Agent Overview#

The VSS Agent (Video Search Summarization Agent) is an AI-powered agent for video analytics. It generates incident reports, answers queries about video content, and provides video search capabilities.

Architecture#

Operational Modes#

The VSS Agent supports two operational modes based on deployment configuration:

Video Analytics MCP Mode#

Used by production blueprint deployments (Warehouse, Smart Cities).

Connects to Video Analytics MCP server for incident data
Queries Elasticsearch for incidents and sensor metadata
Generates reports based on detected incidents
Supports multi-incident queries and analytics

Requirements: Video Analytics pipeline, Elasticsearch, VST

Direct Video Analysis Mode#

Used by developer profiles for standalone operation without a full blueprint deployment.

Analyzes uploaded videos directly without an incident database
Uses Cosmos VLM for video understanding
Generates reports based on video content analysis
Ideal for development, testing, and custom video analysis

Requirements: VST, Cosmos VLM (NIM endpoint)

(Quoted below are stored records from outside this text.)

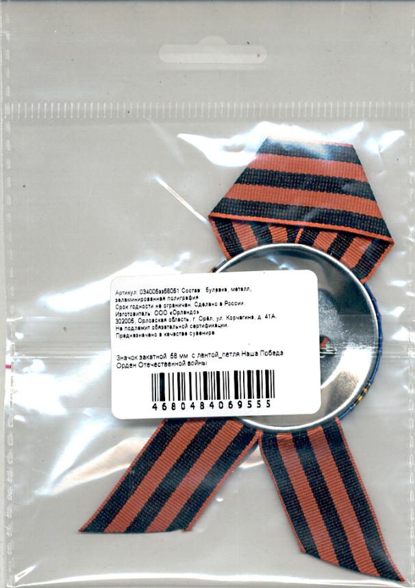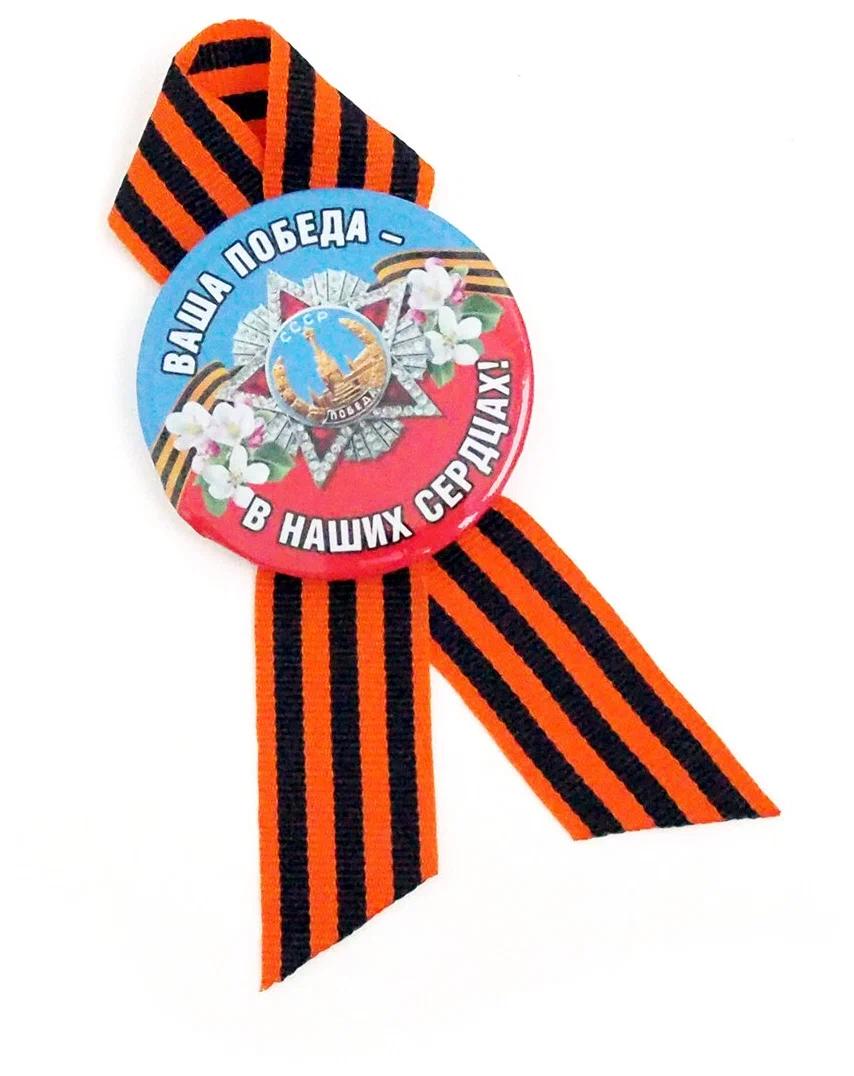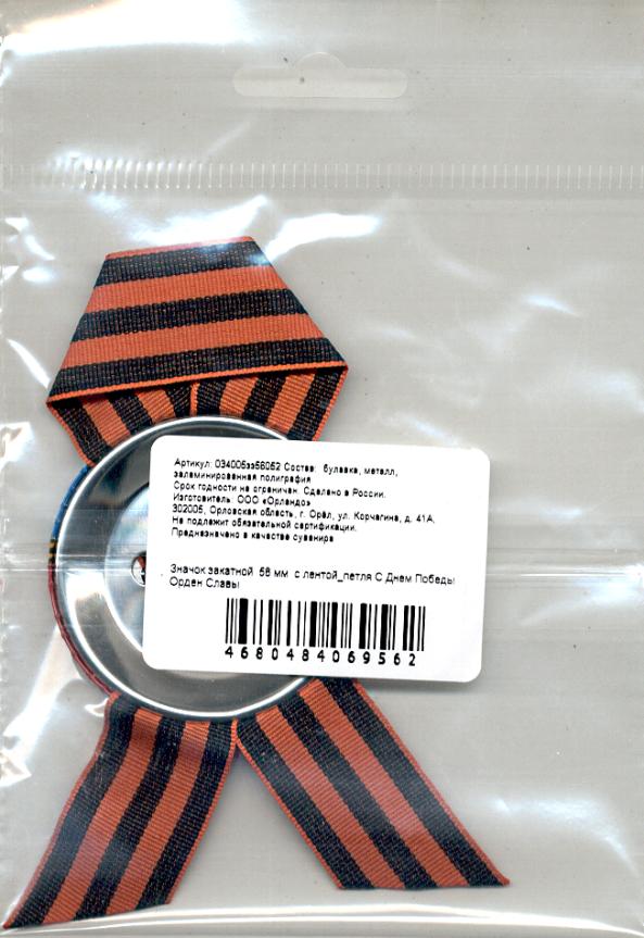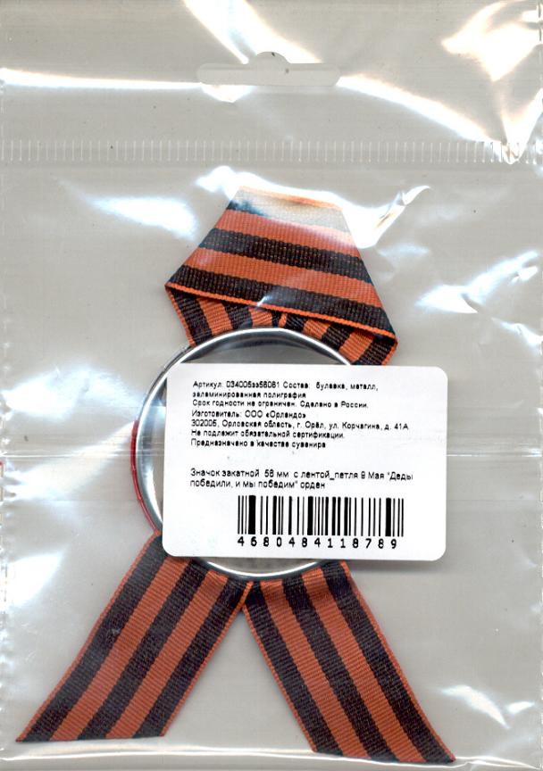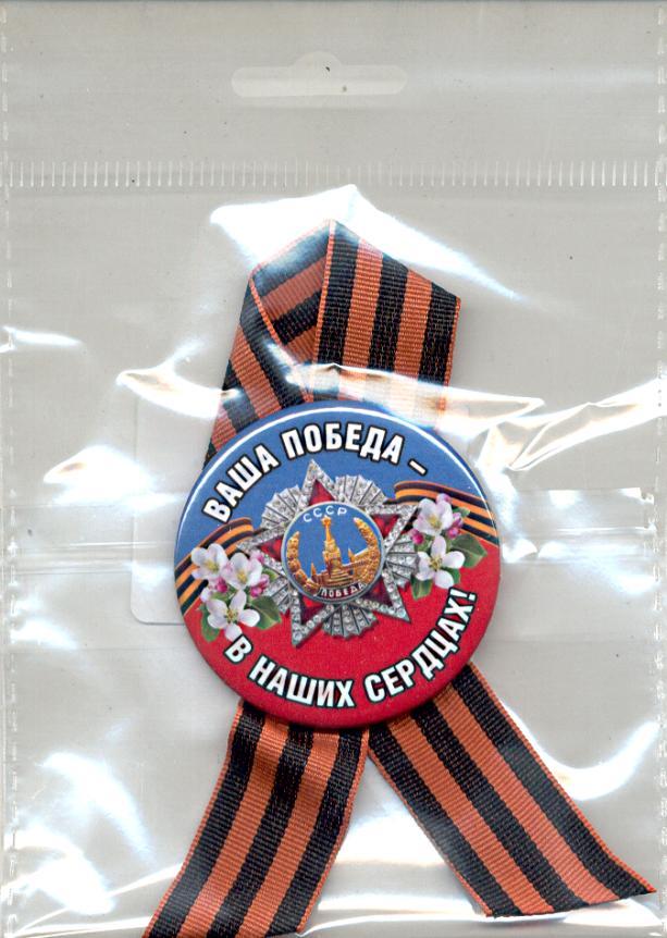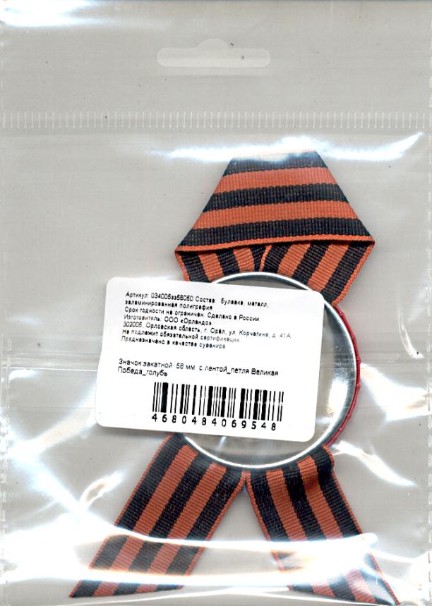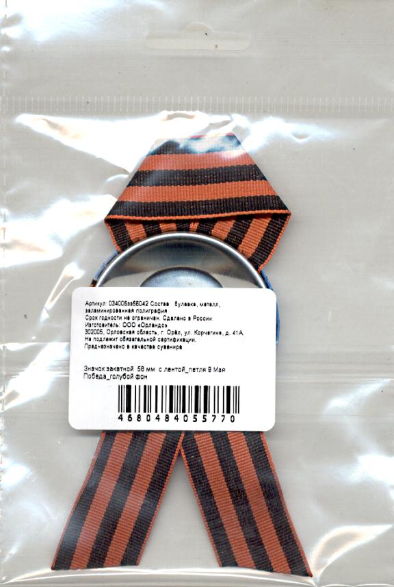 | 9 МАЯ (ДЕНЬ ПОБЕДЫ) Значок с георгиевской лентой металлический ОРЛ закатной 56мм "Спасибо за Победу" (п/упаковка с европодвесом)  Размер значка с георгиевской лентой 12*5,6*0,6 см Значок на 9 мая с георгиевской лентой выполнена из очень качественного, плотного материала. Все детали на Георгиевской ленте выполнены аккуратно, смотрятся потрясающе. В период Великой Отечественной войны полоски на ленте воспринимали как цвета пороха и огня. Но во все времена этот символ ассоциировался с мужеством, героизмом и победой. Каждый год 9 мая мы крепим Георгиевские ленточки, чтобы проявить уважение к воинам и показать, что память об их подвиге жива. Носите Георгиевскую ленту всей семьей на праздничные шествия и мероприятия в честь 9 Мая. |
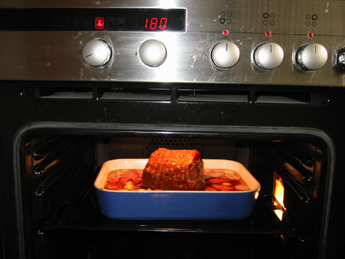 Nach einer Stunde den Braten auf einen Teller stellen.
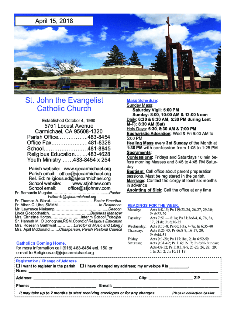 April 15, 2018St. John the Evangelist Catholic Church Established October 4, 19605751 Locust Avenue Carmichael, CA 956081320 Parish Office.4838454 Office Fax...4818326 School.4818845 Religious Education.
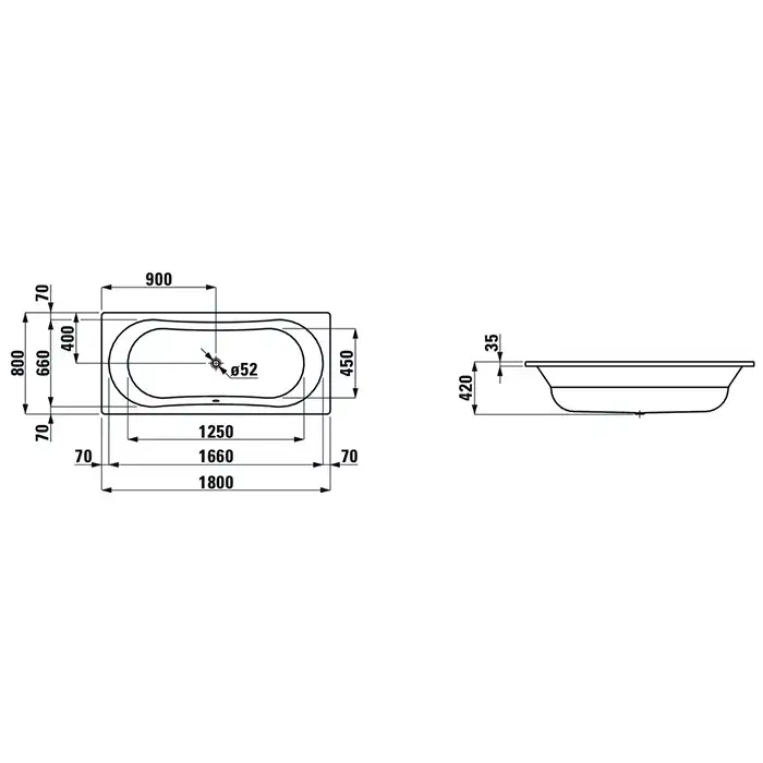Laufen Thallium Ванна встраиваемая, 180x80см., прямоугольная, с центральным выпуском, шумоизоляционное покрытие, эмалированная сталь (3,5 мм), без отверстий для ручек, цвет: белый
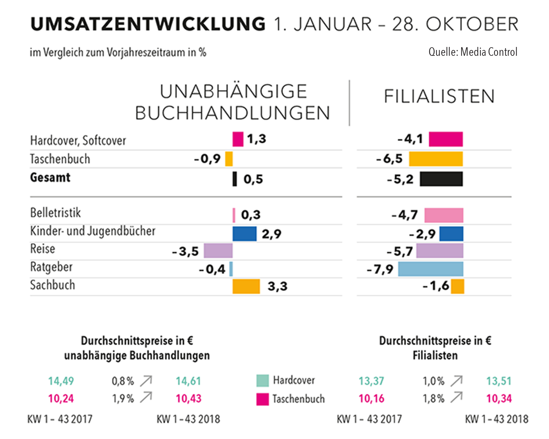 Die Schere der Umsatzentwicklung zwischen den unabhängigen Buchhändlern und den Filialisten klafft vom 1. Januar bis 28. Oktober 2018 weit auseinander. Während die unabhängigen Sortimente in diesem Zeitraum um 0,5 Prozent zugelegt haben, gingen die Einnahmen der Filialisten um 5,2 Prozent zurück – eine Unterschied von 5,7 Prozentpunkten. Die Tendenz pro inhabergeführten Buchhandel gilt laut Deniz Ulucan, Leitung Buch bei Media Control, für den gesamten deutschsprachigen Raum: "In den drei Ländern Deutschland, Österreich und Schweiz zeigt sich der unabhängige Buchhandel stabil."
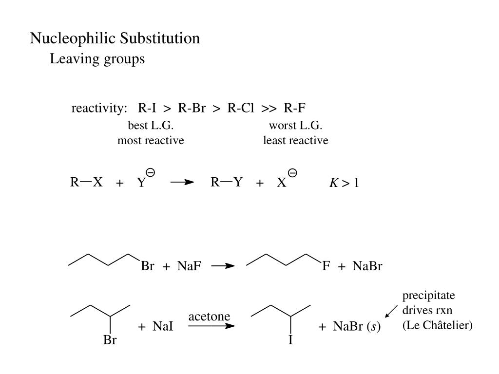 Nucleophilic Substitution Leaving groups reactivity: R-I > R-Br > R-Cl >> R-F best L.G. most reactive worst L.G. least reactive precipitate drives rxn (Le Châtelier)
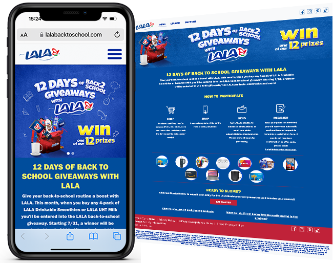 Snipp built a sweepstakes program leveraging our market-leading receipt validation platform where consumers who purchase any 4-pack of Lala drinkable smoothies or Lala UHT Milk can submit their receipts online at lalabacktoschool.com to gain an entry into the sweepstakes.
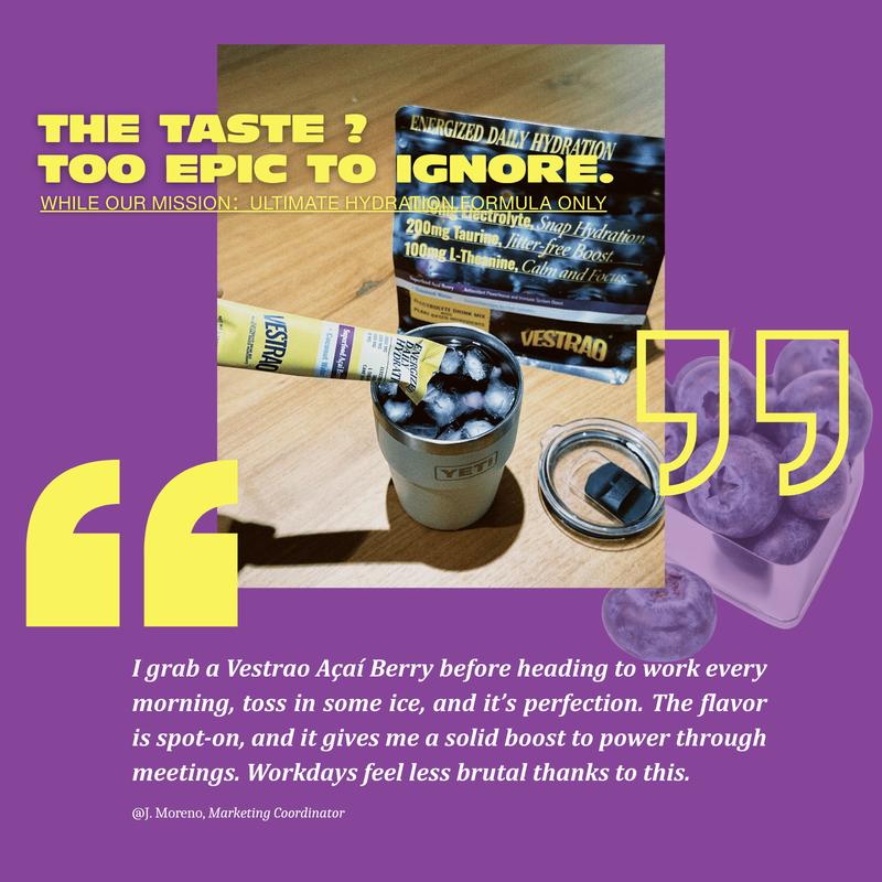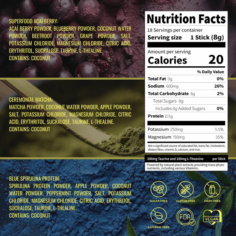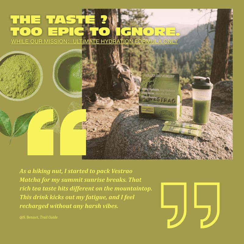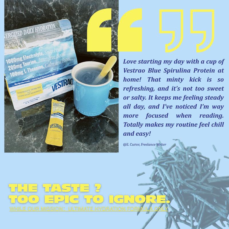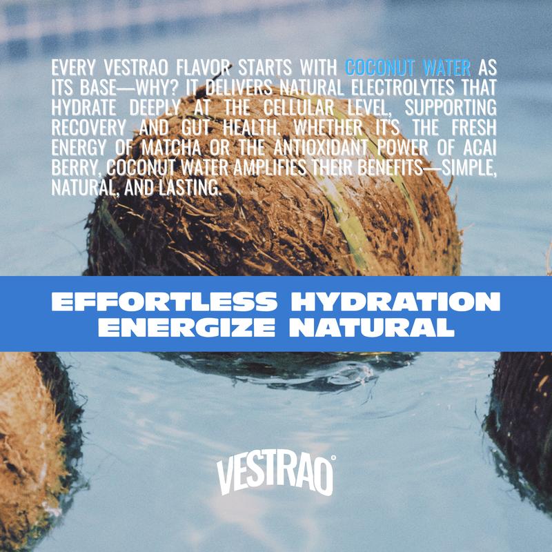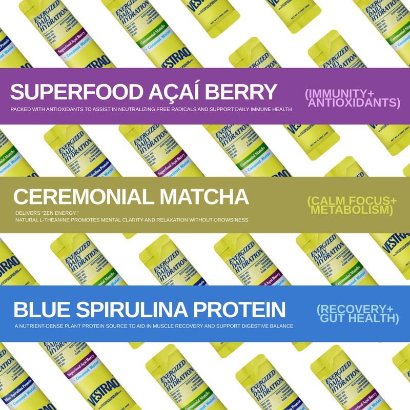 VESTRAO Hydration Energy Electrolyte Powder – 1000mg Scientific Blend with Taurine & L-Theanine for Calm Focus & Smooth Energy – Superfood Drink Mix Enhanced with Blue Spirulina Protein, Acai & Matcha – Zero Sugar Stick Packs
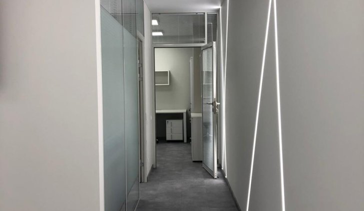 Такое количество разнообразных источников света на небольшой площади офиса позволяет легко менять интенсивность и схему освещения, в зависимости от желания и целей владельца и его сотрудников.

Three developer profiles are available:

dev-profile-base: Basic video upload and analysis
dev-profile-lvs: Video summarization with interactive prompts
dev-profile-search: Semantic video search with embeddings

See Agent Profiles for detailed profile descriptions

Agents#

Top Agent#

The top-level agent analyzes the user query and directs it to the appropriate sub-agent or directly executes tools (sensor list, snapshots, etc.).

Report Agent: Generates a report for a single incident.
Multi-Report Agent: Answers questions about multiple incidents.

Report Agent#

The report agent generates a detailed report for a single incident. It operates in two modes:

Video Analytics MCP Mode (Blueprint deployments):

Fetches incident data from the Video Analytics MCP server
Retrieves video clips and snapshots from VST
Analyzes video content using the Cosmos VLM
Generates a structured report with findings

Direct Video Analysis Mode (Developer profiles):

Accepts uploaded videos directly via VST
Analyzes video content using the Cosmos VLM
Generates a video analysis report with timestamped observations
Retrieves video clips and snapshots from VST to include in the report

Multi-Report Agent#

The multi-report agent handles queries about multiple incidents (Video Analytics MCP mode only):

Fetches incidents matching the query criteria
Formats incident summaries with video/image URLs
Generates charts and visualizations
Returns a formatted list of incidents

Default Models#

Model	Purpose
Nemotron-Nano-9B-v2	LLM for reasoning and report generation
Cosmos-Reason2-8B	VLM for video understanding

Capabilities#

Query Sensors

"What sensors are available?"

Generate Incident Report

"Generate a detailed report for the last incident at Camera_01"

List Incidents

"List all incidents from Camera_01 in the last hour"

Metrics/Occupancy Counts

"How many people are in Camera_01?"

Snapshots

"Take a snapshot from Camera_01"

Note

Camera_01 is an example sensor name. The actual sensor names depend on your deployment and can be discovered by asking the agent “What sensors are available?”

API Reference

API Reference

Known Issues#

By default, the agent uses thinking off for faster response, switching to on for complicated queries.
When conversation is long, agent may not follow user instructions closely. Please start a new chat from the left panel.
When conversation is long, agent may generate incorrect URL links, causing videos, screenshots, or other media to fail to display or download properly. If you notice this issue, start a new chat from the left panel.
Sometimes the agent may enter a loop and error out after reaching the recursion limit. If you encounter this issue, click Regenerate response to try again. If the issue persists, start a new chat from the left panel.
Generating multiple reports in a single query is not supported in this release.